四話 王太子
____ど、どうしよう、見知らぬ男性を思い切り押し倒してしまうなんて!
「ごっ、ごめんなさい……! 私の体幹が強すぎるあまりに! お怪我はないですか!?」
「怪我はない……が、一旦俺の上から退いてくれないだろうか……」
「え? あっ、はい!! 私の大胸筋がすみません……!」
日頃の訓練が仇になってしまったわ……!
でも、今はこの男性に構っている暇はない。とにかく、神官たちから……いえ、教会から逃げないと!
……それにしても、どこかで見たことあるような……。いや、妙にイケメンだからそう感じてしまうだけ?
でもこんなイケメンの知り合い、いたかしら……。
「だ、大聖女様ーー!! お待ちください!」
「げっ、もうそこまで追ってきてる! ごめんなさい、私、失礼します!」
いけない、考え事なんてしてる余裕なかった! 後ろから神官の声が聞こえてきて、慌ててそう言ってその場から走り去ろうとする。

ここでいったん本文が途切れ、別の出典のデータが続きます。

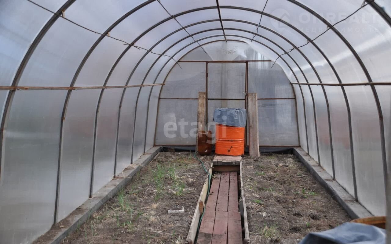 На участке расположены 2 большие теплицы (там можно посадить огурцы, помидоры, потисоны и другие витаминизированные овощи), есть грядки клубники, разнообразной зелени, кусты смородины. Из построек: большой сарай, маленький курятник, беседка для посиделок с друзьями, фонтан перед террасой дома, туалет.
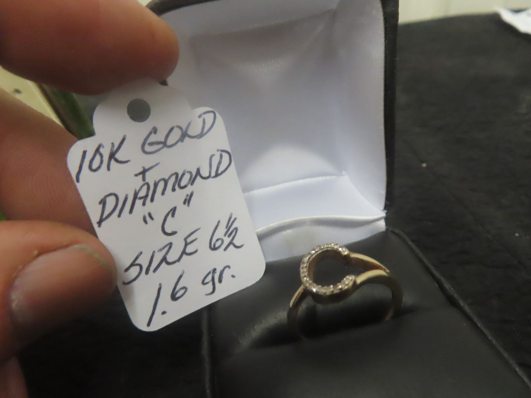 10Kt Gold + Diamond "C" Size 6 1/2 Ring 1.6gr
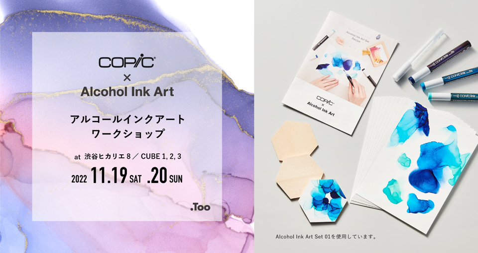 近年注目を集めているアルコールインクアート。ワークショップコーナーではインクアートを実際に体験していただけます。コピックインクを使って、偶然から生まれる幻想的で綺麗な色模様を楽しんでみませんか?
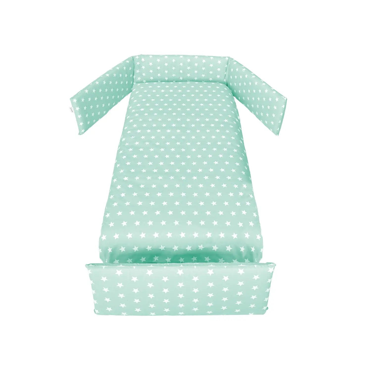 Paracolpi Modulabile per Sicurezza e Design Incluso nel set, il paracolpi modulabile si adatta dalla culla al lettino, garantendo protezione durante il sonno e aggiungendo un tocco decorativo alla testiera del letto. Il design coordinato con il tema Starlette Menta unisce funzionalità ed eleganza.
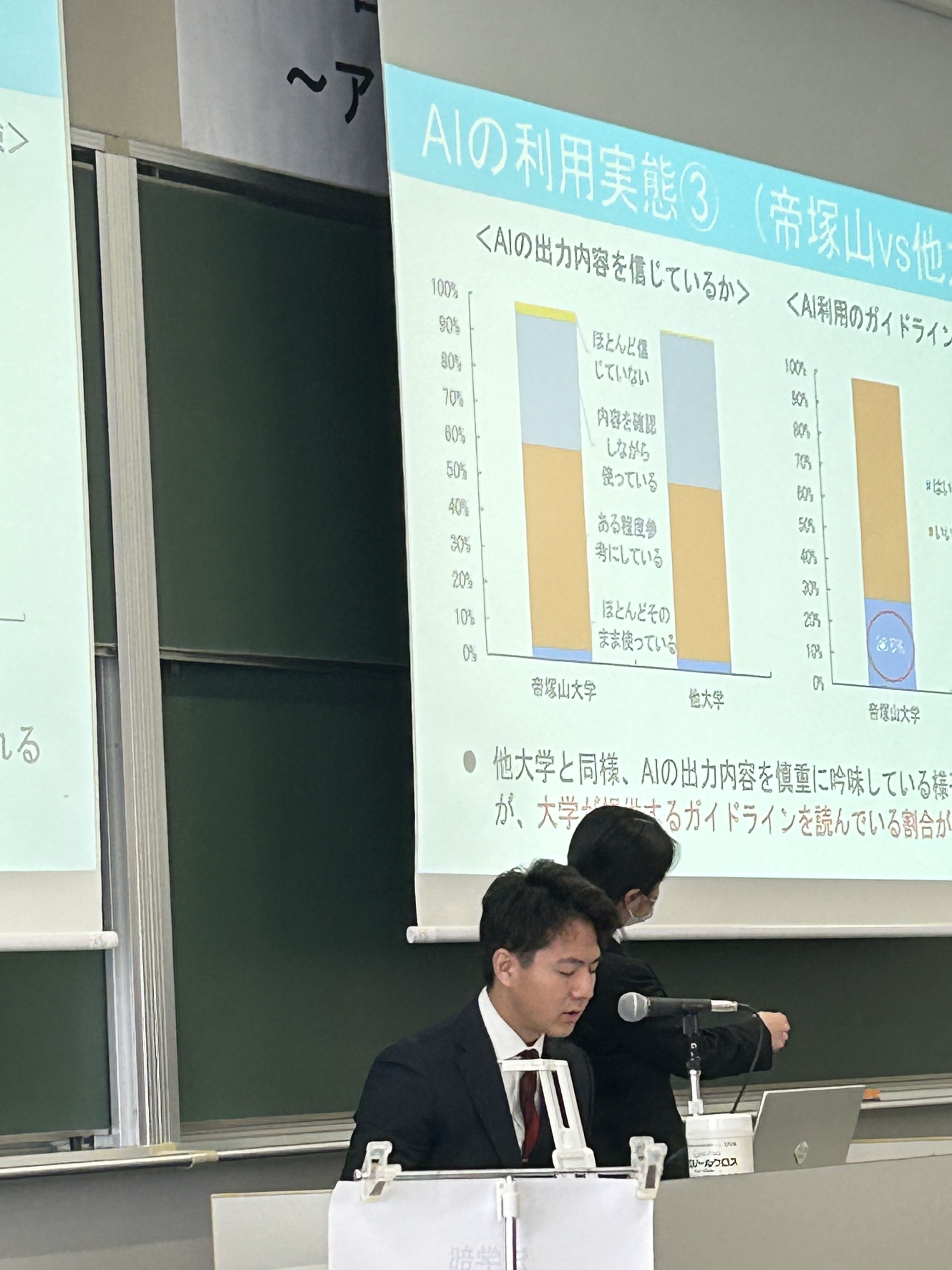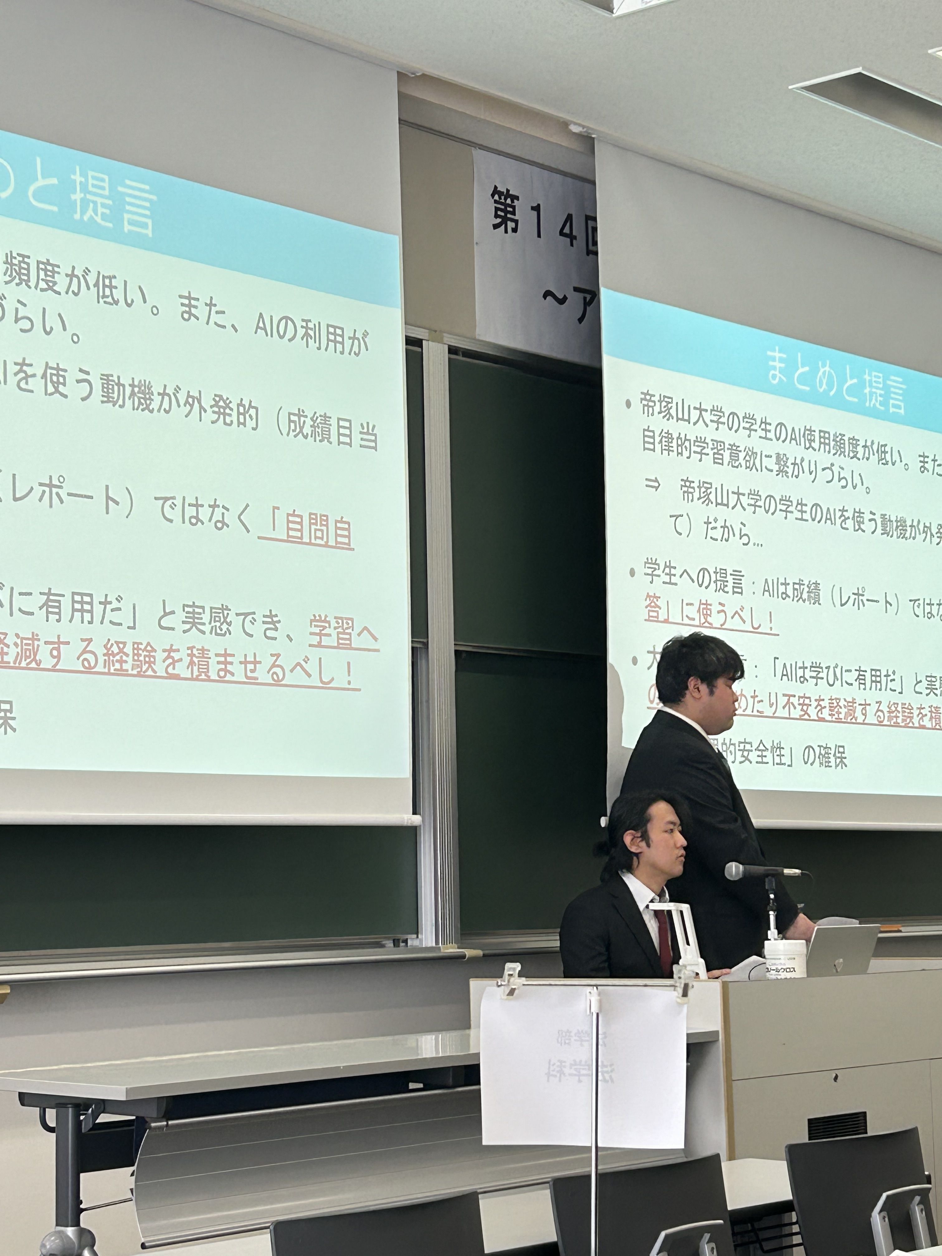 今回の発表は、データに基づき学生のAI利用とその効果を客観的に捉え、具体的な提案を提示した非常に実践的な内容でした。経済経営学部では、今後も社会の変化に伴う課題や疑問に関する研究と実践を積み重ねていきます!
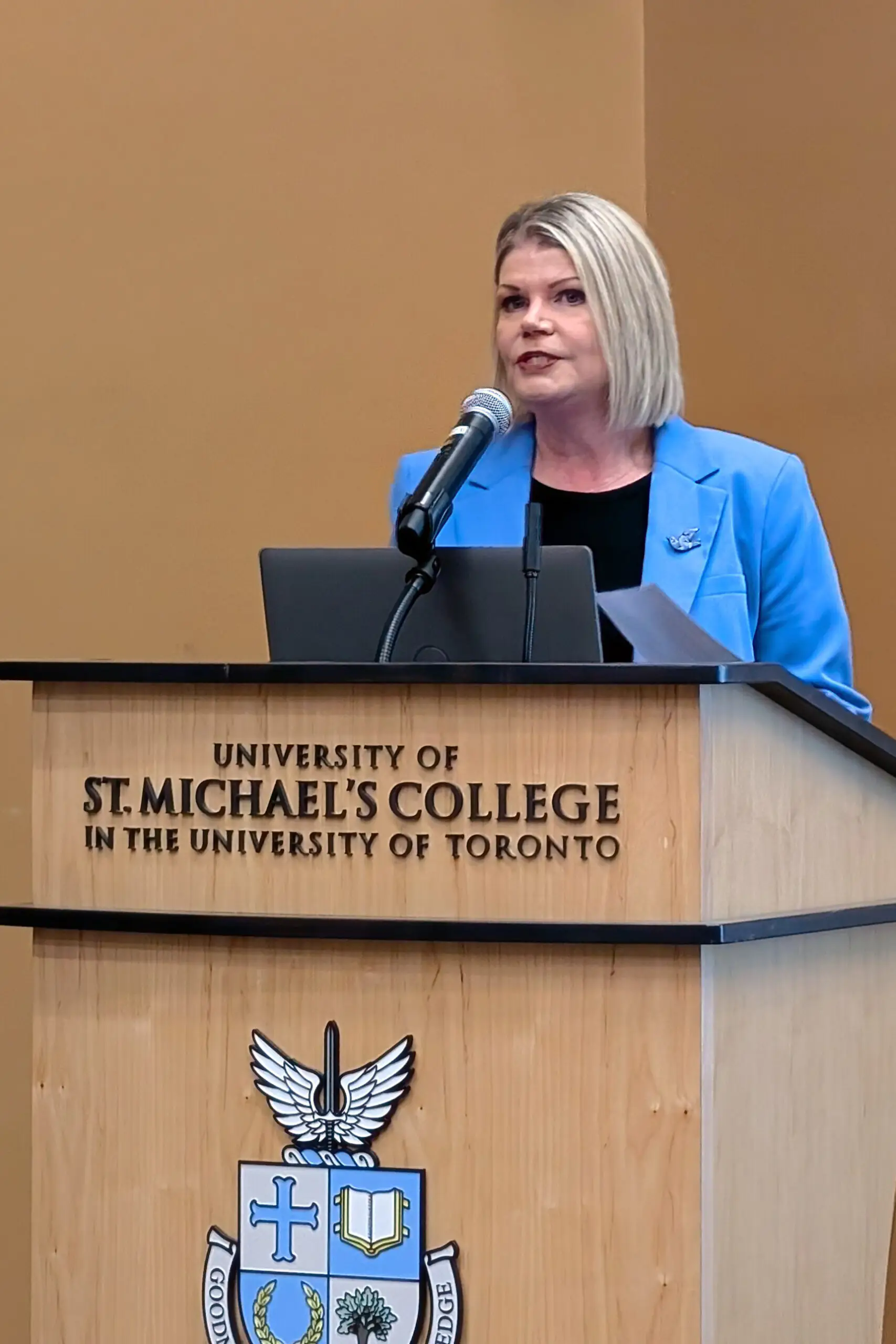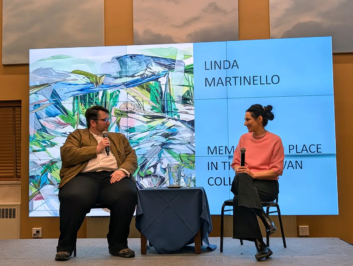 The conversation was the centrepiece of an evening hosted by the Donovan Collection Committee to increase student engagement with the Donovan Collection at St. Mike’s. Inspired by Martinello’s work, the theme for the evening was “Memory and Place.”

……が、私が押し倒してしまった謎のイケメンが____なぜか、私の腕を掴んだのである。
「っ!? な、なんですか!? 今めっちゃ急いでるのわかりません!?」
「そんなことはどうでもいい! 君、今大聖女と呼ばれていなかったか!?」
「呼ばれましたけど!? だから逃げてるんでしょうが!!」
なぜ、このイケメンは私を引き留めてくるのかしら!?
あぁもう、神官がすぐそこまで迫ってきてるっていうのに……!
こうなったら……切り札を使うしかないわ。
「申し訳ございませんが、私、こう見えても公爵令嬢なんです! そんなレディの腕を掴むなんて、王族でもないと許されない____」
「俺が王太子だ!」
「……はへ?」
その次の瞬間、神官が私達……いえ、このイケメンの姿を見て、大きな声で叫んだ。
「ニコラス王太子殿下! 大聖女様の捕獲、誠に感謝申し上げます」
「あぁ。大聖女が現れたというから急いで駆けつけてみれば……とんだじゃじゃ馬娘だな……」
イケメン……いえ、王太子殿下が、はぁ……とため息をつきながら額に手を当てる。
「う、うそぉ……」
私はというと、さっきまでの不敬を思い出して……真っ青になっていた。
王太子殿下が私に告げる。
「そういうわけで、君が大聖女と判定された以上……君は俺の婚約者だ。行動には気をつけるように。あと、廊下は走るな」
「……ご、ごめんなさい……」
がっくりと項垂れる私を見て、王太子殿下は再度ため息をつきながら、ぽつりと呟いた。